Curriculum in Genetics and Molecular Biology, University of North Carolina at Chapel Hill, Chapel Hill, North Carolina, USA.
Department of Surgery, Duke University School of Medicine, Durham, North Carolina, USA.
J Virol. 2020 Sep 15;94(19). doi: 10.1128/JVI.00976-20.

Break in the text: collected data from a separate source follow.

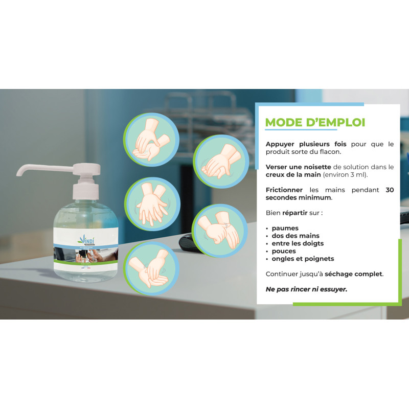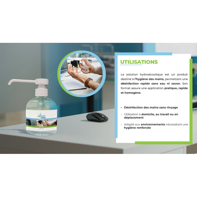 Les solutions hydroalcooliques ont des propriétés bactéricides, virucides et fongicides, sans effet nettoyant. Elles doivent être appliquées sur des mains sèches et non souillées.
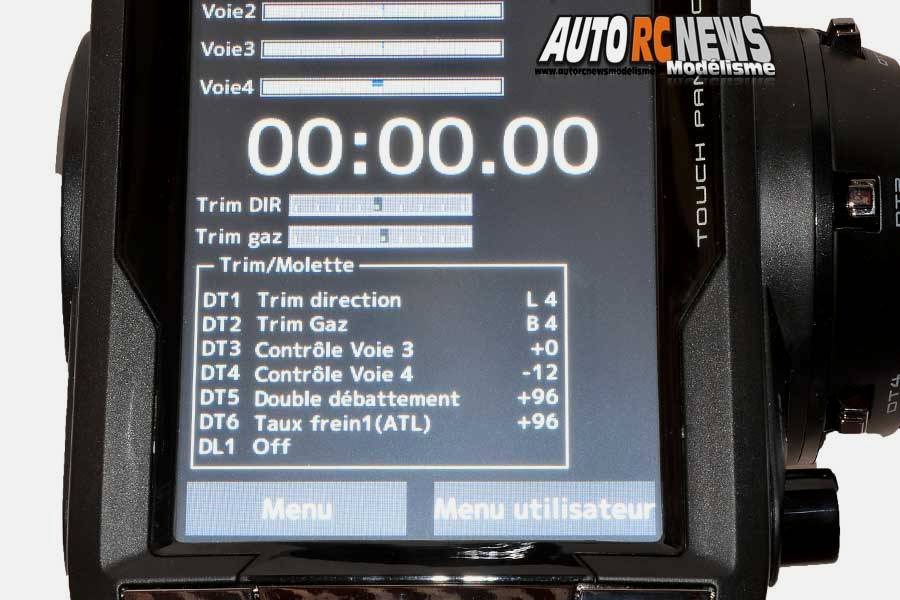 Toujours sur l'écran d'accueil, la partie inférieure possède quelques rappels des valeurs des trims. Deux mentions Menu et Menu utilisateur servent à rentrer dans les fonctions de manière tactile.
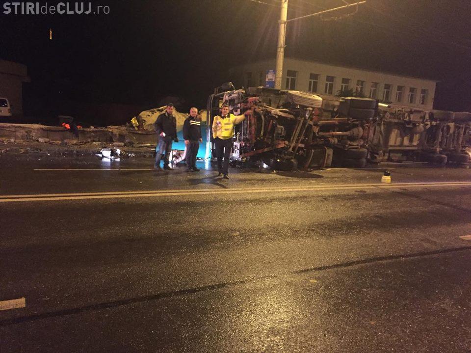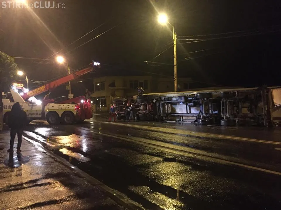 Viteza și condițiile meteo le dau mari bătăi de cap șoferilor la Cluj. Un TIR s-a răsturnat pe podul de la IRA FOTO/VIDEO
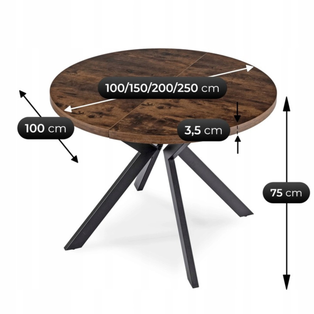 Kihúzható étkezőasztal 100–250 cm méretben, rusztikus tölgy/fekete színben LUKAS
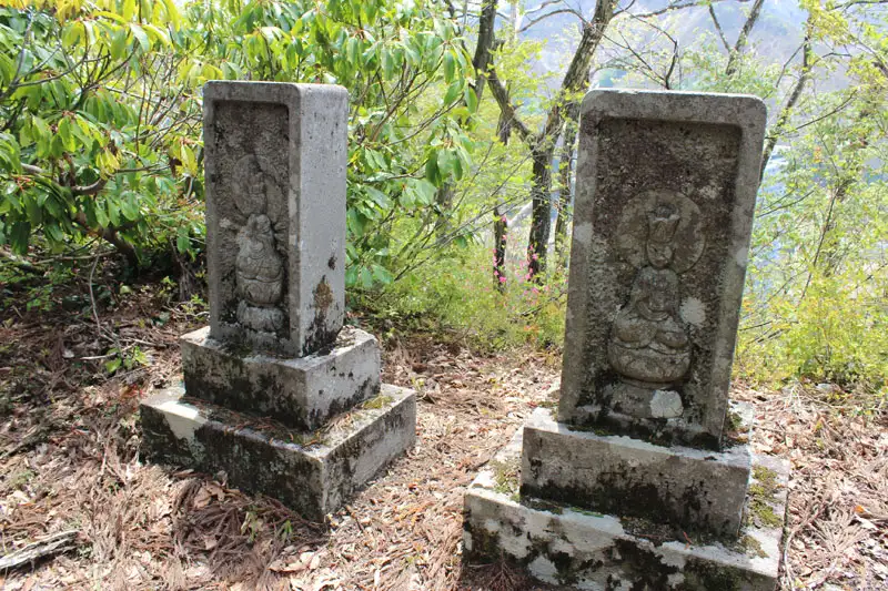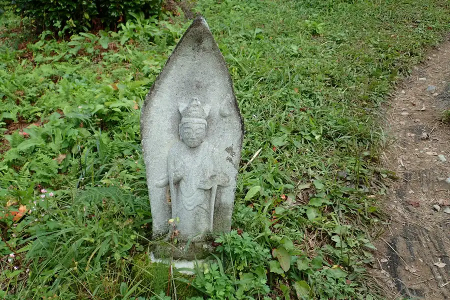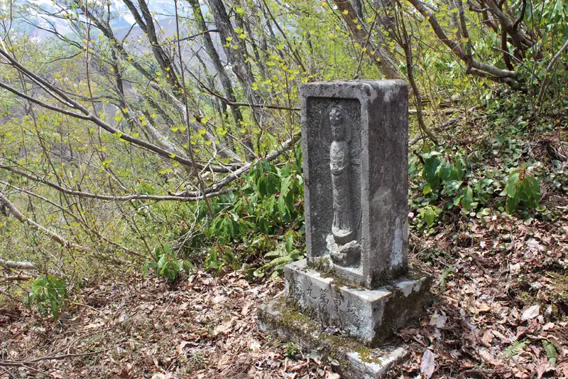 秋葉山は国道17号線に面した小さな頂です。山頂へと向かう登山道には坂東三十三観音霊場に因んだ石像が祀られていました。
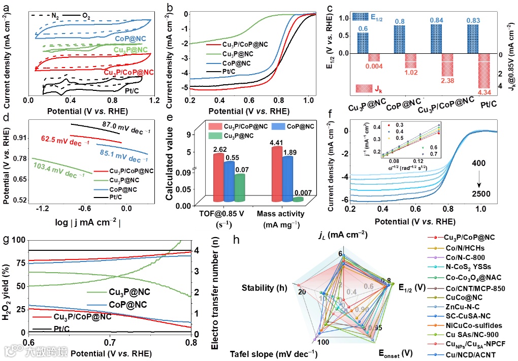得益于结构优势,复合材料在碱性介质中呈现出比单一组分催化剂更加优异的半波电势、极限电流密度、动力学电流密度、质量活性和周转频率值(TOF)。循环伏安图曲线(CV)和线性扫描伏安曲线(LSV)可直观的观察到CoP@NC的电催化活性优于Cu3P@NC,这说明在氧还原过程中Co物种作为主要的活性位点。在Cu3P/CoP@NC不同转速的LSV中,极限电流密度随着转速的增大而增加,表明反应过程具有一阶反应动力学特征,通过Koutecky-Levich方程和旋转环盘电极技术计算的的电子转移数接近4,即在ORR过程中,吸附的氧气(O2)可以通过四电子途径还原成水(H2O),为其在能源转换设备中的应用奠定基础。
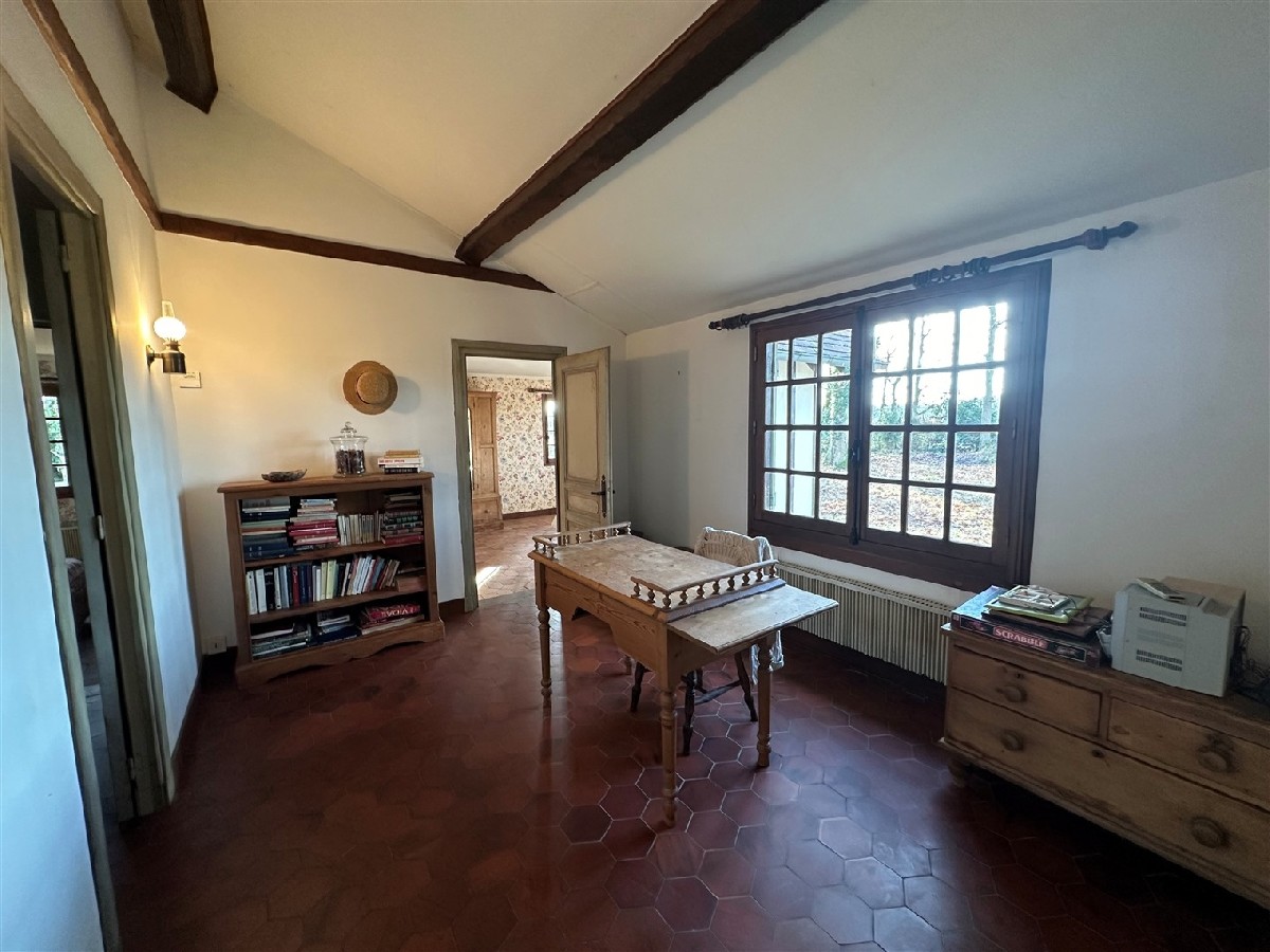 Amoureux de la nature cette propriété est faite pour vous . Une magnifique propriété à usage d’habitation comprenant entrée, vaste séjour-salon (cathédrale) avec cheminée (foyer ouvert), bureau, deux chambres, dégagement, salle d’eau, WC, grande cuisine, arrière cuisine / cellier. Mezzanine donnant sur le séjour-salon. Superbe parcelle de plus de 5 800m² de terrain boisé. CADRE IDYLLIQUE !

Adeno-associated viruses (AAV) are composed of nonenveloped, icosahedral protein shells that can be adapted to package and deliver recombinant therapeutic DNA. Approaches to engineer recombinant capsids for gene therapy applications have focused on rational design or library-based approaches that can address one or two desirable attributes; however, there is an unmet need to comprehensively improve AAV vector properties. Such cannot be achieved by utilizing sequence data alone but requires harnessing the three-dimensional (3D) structural properties of AAV capsids. Here, we solve the structures of a natural AAV isolate complexed with antibodies using cryo-electron microscopy and harness this structural information to engineer AAV capsid libraries through saturation mutagenesis of different antigenic footprints. Each surface loop was evolved by infectious cycling in the presence of a helper adenovirus to yield a new AAV variant that then serves as a template for evolving the next surface loop. This stepwise process yielded a humanized AAV8 capsid (AAVhum.8) displaying nonnatural surface loops that simultaneously display tropism for human hepatocytes, increased gene transfer efficiency, and neutralizing antibody evasion. Specifically, AAVhum.8 can better evade neutralizing antisera from multiple species than AAV8. Further, AAVhum.8 displays robust transduction in a human liver xenograft mouse model with expanded tropism for both murine and human hepatocytes. This work supports the hypothesis that critical properties, such as AAV capsid antibody evasion and tropism, can be coevolved by combining rational design and library-based evolution for clinical gene therapy. Clinical gene therapy with recombinant AAV vectors has largely relied on natural capsid isolates. There is an unmet need to comprehensively improve AAV tissue tropism, transduction efficiency, and antibody evasion. Such cannot be achieved by utilizing capsid sequence data alone but requires harnessing the 3D structural properties of AAV capsids. Here, we combine rational design and library-based evolution to coevolve multiple, desirable properties onto AAV by harnessing 3D structural information.
腺相关病毒(AAV)由无包膜的二十面体蛋白壳组成,可用于包装和递送重组治疗性 DNA。用于基因治疗应用的重组衣壳工程的方法侧重于理性设计或基于文库的方法,这些方法可以解决一两个理想的属性;然而,全面改善 AAV 载体特性的需求尚未得到满足。仅利用序列数据是无法实现这一目标的,而是需要利用 AAV 衣壳的三维(3D)结构特性。在这里,我们使用冷冻电子显微镜解析了与抗体复合的天然 AAV 分离株的结构,并利用该结构信息通过对不同抗原足迹进行饱和诱变来设计 AAV 衣壳文库。每个表面环都通过在辅助腺病毒存在下进行感染性循环进化而来,产生一种新的 AAV 变体,然后作为进化下一个表面环的模板。通过这种逐步过程,产生了一种具有非天然表面环的人源化 AAV8 衣壳(AAVhum.8),该衣壳同时显示对人肝细胞的嗜性、提高了基因转移效率和中和抗体逃逸能力。具体而言,与 AAV8 相比,AAVhum.8 可以更好地逃避来自多个物种的中和抗血清。此外,AAVhum.8 在人肝异种移植小鼠模型中显示出强大的转导能力,对小鼠和人肝细胞均具有扩展的嗜性。这项工作支持了这样一种假设,即通过将理性设计与文库进化相结合,可以共同进化 AAV 衣壳抗体逃逸和嗜性等关键特性,用于临床基因治疗。使用重组 AAV 载体的临床基因治疗在很大程度上依赖于天然衣壳分离株。全面提高 AAV 的组织嗜性、转导效率和抗体逃逸能力的需求尚未得到满足。仅利用衣壳序列数据是无法实现这一目标的,而是需要利用 AAV 衣壳的 3D 结构特性。在这里,我们通过利用 3D 结构信息,将理性设计与文库进化相结合,共同将多个理想特性进化到 AAV 上。